▸ Source material:
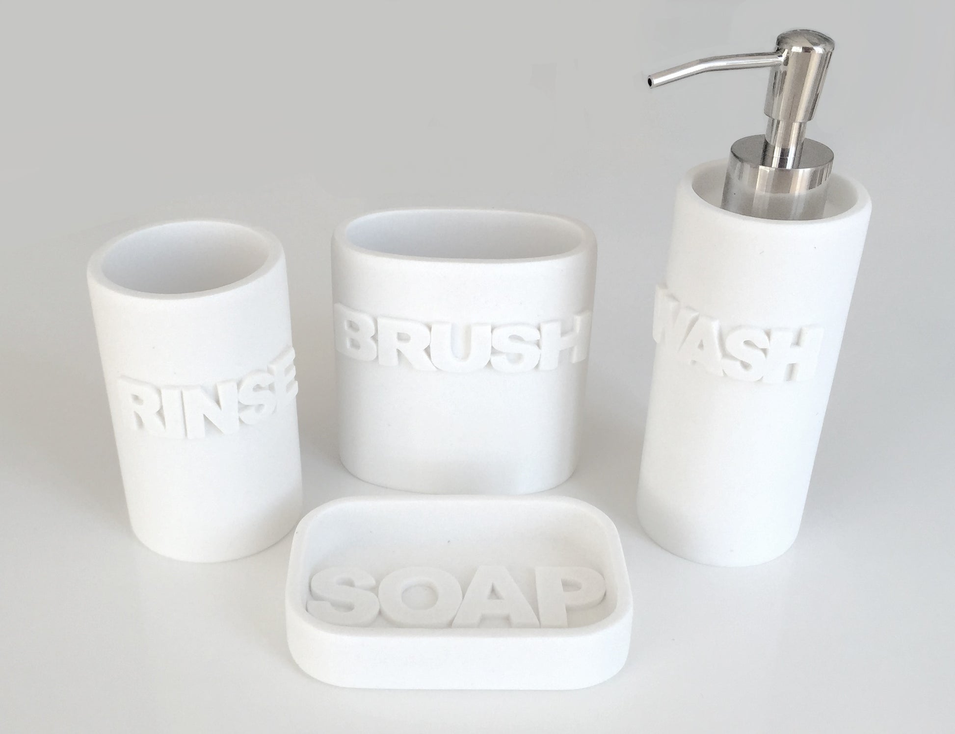 Wash up in style with this Wash Time bathroom accessory set. Includes 1 lotion pump, tumbler, toothbrush holder and soap dish. Made of high quality ceramic. The Wash Time bath accessories make washing up whimsical and fun! Made of high quality ceramic Easily wipes clean Lotion Dispenser measures 8"H x 2.5"Dia; Tumbler measures 4.5"H x 2.75"Dia
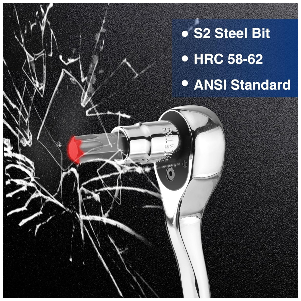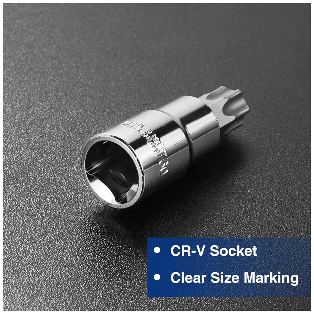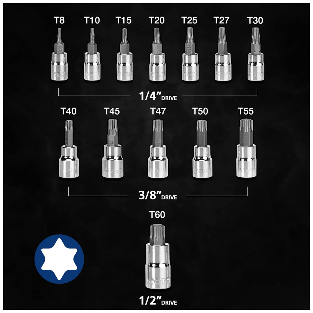 Broca de aço S2 forjada a quente e tratada termicamente para torque, força e durabilidade. Os soquetes de vanádio cromado fornecem máxima resistência ao óleo e à corrosão. Atendem e excedem todas as especificações ANSI para maior segurança. Trabalho em carros, caminhões, eletrodomésticos, equipamentos para gramados, máquinas e outros trabalhos que exigem fixadores , parafusos , soquetes elétricos. Conjunto inclui soquetes Dr. Bit de 7pc 1, 4 T8, T10, T15, T20, T25, T27, 0 5pc 3, 8 Dr. Soquetes de bits T40, T45, T47, T50, T55 e 1pc1 , 2 Dr Soquetes de bits T60
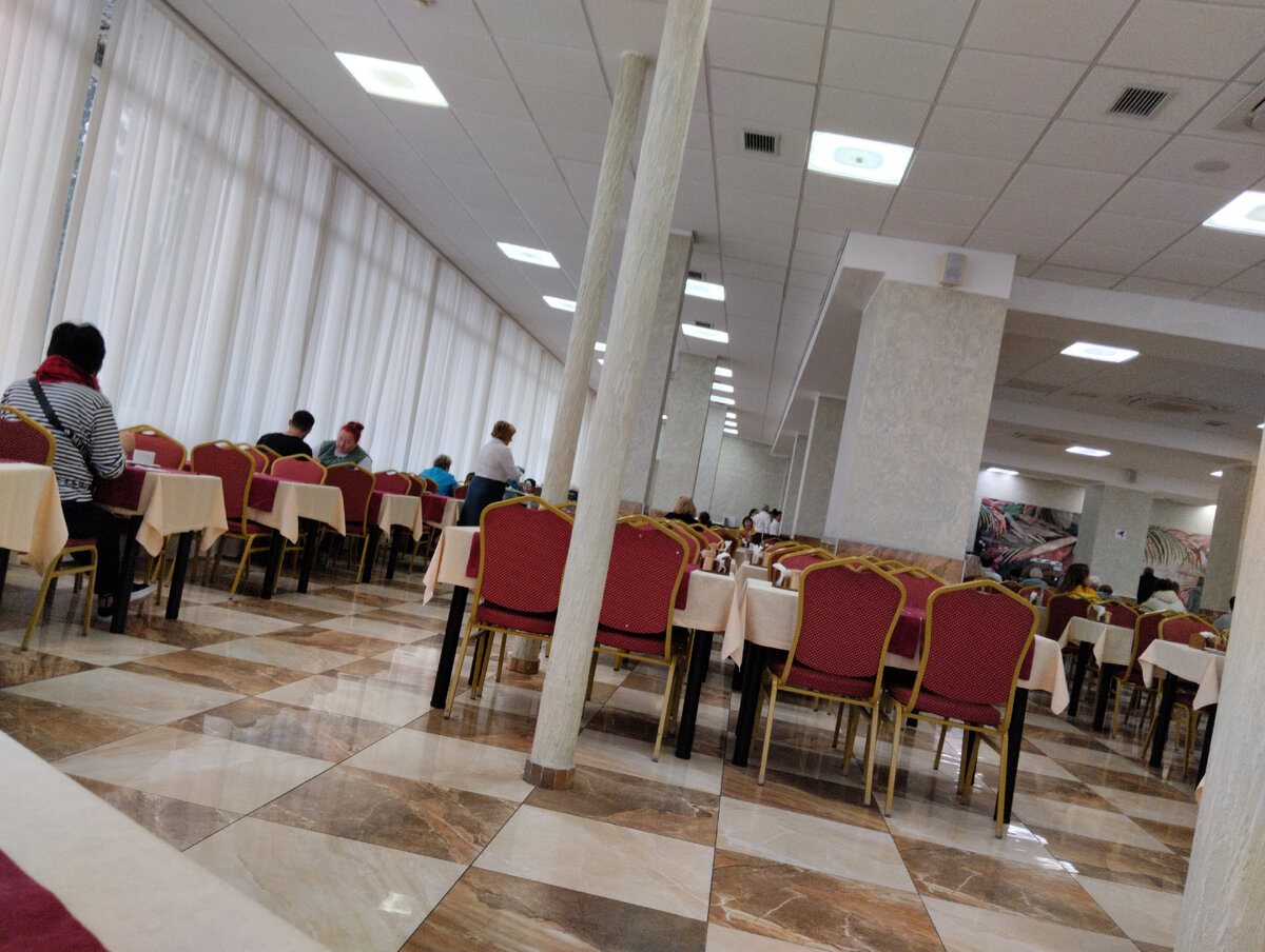 Привет, друзья! Ну вот я и приехала в санаторий. Разместилась в номере и сразу на завтрак! Столовая большая и светлая. Питание-шведский стол. Всего полно, на любой вкус. Сейчас пойду с процедурами определяться. Хорошего вам дня! Ваша Лейла
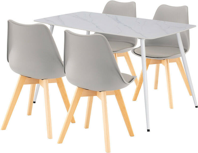 Ravena Fehér-Szürke Étkezőgarnitúra 4+1: Stílus és Tartósság Egyben! ?️ A Ravena 4+1 étkezőgarnitúra tökéletes választás, ha modern, elegáns és praktikus étkezőbútort keresel. A szett egy Bora szinterezett kő asztalból és négy Silla székből áll, így ideális 4-6 fős családoknak vagy baráti összejövetelekhez. Az asztal főbb jellemzői:Méret: 140 x 80 x 75 cm Anyag: Szinterezett kő (Stoneis technológia) - karcálló, foltálló és hőállóFelület: Palakő hatású, természetes textúra Lábak: Fehérre festett fém, műanyag padlóvédőkkel Kapacitás: 4-6 fő Stílus: Modern, minimalista A székek főbb jellemzői:Szín: Szürke Anyag: Polipropilén (PP) ülőfelület, szürke PVC párnázat Lábak: Bükkfa színű Méretek: Magasság 81 cm, szélesség 49 cm, ülésmélység 43 cm, ülőmagasság 45 cm Teherbírás: 120 kg Kényelem: Könnyen tisztítható, extra kényelmet nyújtó párnázat Miért válaszd a Ravena étkezőgarnitúrát?Tartósság: A szinterezett kő asztallap ellenáll a mindennapi használatnak, a karcolásoknak, foltoknak és a hőnek. Kényelem: A Silla székek ergonomikus kialakítása és párnázott ülőfelülete biztosítja a kényelmes étkezést. Stílus: A fehér asztal és a szürke székek kombinációja modern és elegáns megjelenést kölcsönöz az étkezőnek. Praktikusság: Az asztal mérete ideális 4-6 fő számára, így tökéletes családi vacsorákhoz és vendéglátáshoz. Könnyű tisztítás: Mind az asztal, mind a székek könnyen tisztíthatók, így a mindennapi használat során is praktikusak. Kinek ajánljuk? Akik modern és tartós étkezőbútort keresnek. Kisebb és közepes méretű otthonokba, ahol fontos a helytakarékos, de kényelmes megoldás. Családoknak és pároknak, akik tartós, kényelmes és praktikus étkezőszettet keresnek. Tedd otthonodat elegánsabbá és kényelmesebbé a Ravena étkezőgarnitúrával! ✨

▸ The task: Print the whole listing exactly, please, and keep any images out of it.

▸ Task output:
 Wash up in style with this Wash Time bathroom accessory set. Includes 1 lotion pump, tumbler, toothbrush holder and soap dish. Made of high quality ceramic. The Wash Time bath accessories make washing up whimsical and fun! Made of high quality ceramic Easily wipes clean Lotion Dispenser measures 8"H x 2.5"Dia; Tumbler measures 4.5"H x 2.75"Dia
 Broca de aço S2 forjada a quente e tratada termicamente para torque, força e durabilidade. Os soquetes de vanádio cromado fornecem máxima resistência ao óleo e à corrosão. Atendem e excedem todas as especificações ANSI para maior segurança. Trabalho em carros, caminhões, eletrodomésticos, equipamentos para gramados, máquinas e outros trabalhos que exigem fixadores , parafusos , soquetes elétricos. Conjunto inclui soquetes Dr. Bit de 7pc 1, 4 T8, T10, T15, T20, T25, T27, 0 5pc 3, 8 Dr. Soquetes de bits T40, T45, T47, T50, T55 e 1pc1 , 2 Dr Soquetes de bits T60
 Привет, друзья! Ну вот я и приехала в санаторий. Разместилась в номере и сразу на завтрак! Столовая большая и светлая. Питание-шведский стол. Всего полно, на любой вкус. Сейчас пойду с процедурами определяться. Хорошего вам дня! Ваша Лейла
 Ravena Fehér-Szürke Étkezőgarnitúra 4+1: Stílus és Tartósság Egyben! ?️ A Ravena 4+1 étkezőgarnitúra tökéletes választás, ha modern, elegáns és praktikus étkezőbútort keresel. A szett egy Bora szinterezett kő asztalból és négy Silla székből áll, így ideális 4-6 fős családoknak vagy baráti összejövetelekhez. Az asztal főbb jellemzői:Méret: 140 x 80 x 75 cm Anyag: Szinterezett kő (Stoneis technológia) - karcálló, foltálló és hőállóFelület: Palakő hatású, természetes textúra Lábak: Fehérre festett fém, műanyag padlóvédőkkel Kapacitás: 4-6 fő Stílus: Modern, minimalista A székek főbb jellemzői:Szín: Szürke Anyag: Polipropilén (PP) ülőfelület, szürke PVC párnázat Lábak: Bükkfa színű Méretek: Magasság 81 cm, szélesség 49 cm, ülésmélység 43 cm, ülőmagasság 45 cm Teherbírás: 120 kg Kényelem: Könnyen tisztítható, extra kényelmet nyújtó párnázat Miért válaszd a Ravena étkezőgarnitúrát?Tartósság: A szinterezett kő asztallap ellenáll a mindennapi használatnak, a karcolásoknak, foltoknak és a hőnek. Kényelem: A Silla székek ergonomikus kialakítása és párnázott ülőfelülete biztosítja a kényelmes étkezést. Stílus: A fehér asztal és a szürke székek kombinációja modern és elegáns megjelenést kölcsönöz az étkezőnek. Praktikusság: Az asztal mérete ideális 4-6 fő számára, így tökéletes családi vacsorákhoz és vendéglátáshoz. Könnyű tisztítás: Mind az asztal, mind a székek könnyen tisztíthatók, így a mindennapi használat során is praktikusak. Kinek ajánljuk? Akik modern és tartós étkezőbútort keresnek. Kisebb és közepes méretű otthonokba, ahol fontos a helytakarékos, de kényelmes megoldás. Családoknak és pároknak, akik tartós, kényelmes és praktikus étkezőszettet keresnek. Tedd otthonodat elegánsabbá és kényelmesebbé a Ravena étkezőgarnitúrával! ✨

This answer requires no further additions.